Se Bagdad não atender às exigências, o Irão lançaria uma operação militar com forças terrestres e continuaria a bombardear as bases da oposição, disse Ghaani aos dirigentes iraquianos, segundo explicaram à AP figuras políticas xiitas, que pediram anonimato.
A área de preocupação do Irão está sob a autoridade da região semi-autónoma curda e exigiria que Bagdad negociasse uma coordenação conjunta.
Os partidos curdos de oposição, embora reconheçam laços profundos com áreas curdas no Irão, também negam que estejam a contrabandear armas para apoiar os manifestantes e os protestos no território iraniano.
Mahsa Amini, a jovem que morreu sob custódia policial, era da cidade curda de Saqqez, onde começaram os protestos contra o regime do 'ayatollah' Ali Khamenei, em setembro.
Os partidos curdos de oposição sustentam que o seu envolvimento não vai além de oferecer apoio moral, aumentar a consciencialização e fornecer assistência médica aos manifestantes feridos que chegam do Irão.
Soran Nuri, um dos principais membros do Partido Democrático do Curdistão no Irão (KDPI), também citado pela AP, disse estar ciente das exigências do Irão, mas garantiu que nunca a formação polícia contrabandeou armas para qualquer país.

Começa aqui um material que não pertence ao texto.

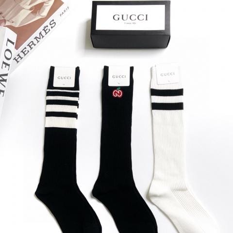 配包装一盒双古奇经典双字母纯棉长筒袜小腿袜爆款专柜在售好看到
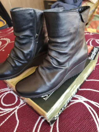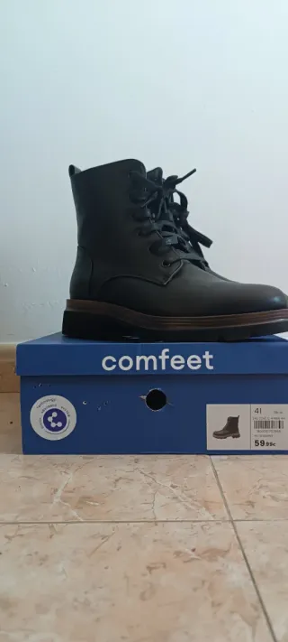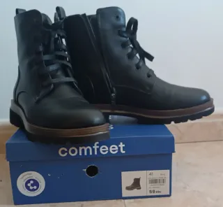 Botín de mujer de la marca Comfeet. - Modelo confort. - Plantilla de piel. - Color negro. - Talla 41. - Diseño de media caña con cordones. Nuevas. Puestas sólo para probar. Las fotos forman parte de la descripción.

"Esperamos que (a região curda) não sucumba a essas ameaças", afirmou.
As autoridades de segurança iraquianas tentaram repetidamente persuadir Teerão de que nenhuma arma está a ser contrabandeada do Iraque para o Irão, mas Teerão "ignora essa garantia", referiu ainda à AP, um alto funcionário curdo, também sob anonimato.
Alguns grupos curdos estão envolvidos num conflito de baixa intensidade com Teerão desde a Revolução Islâmica Iraniana de 1979, levando muitos membros a procurar o exílio político no vizinho Iraque, onde estabeleceram bases.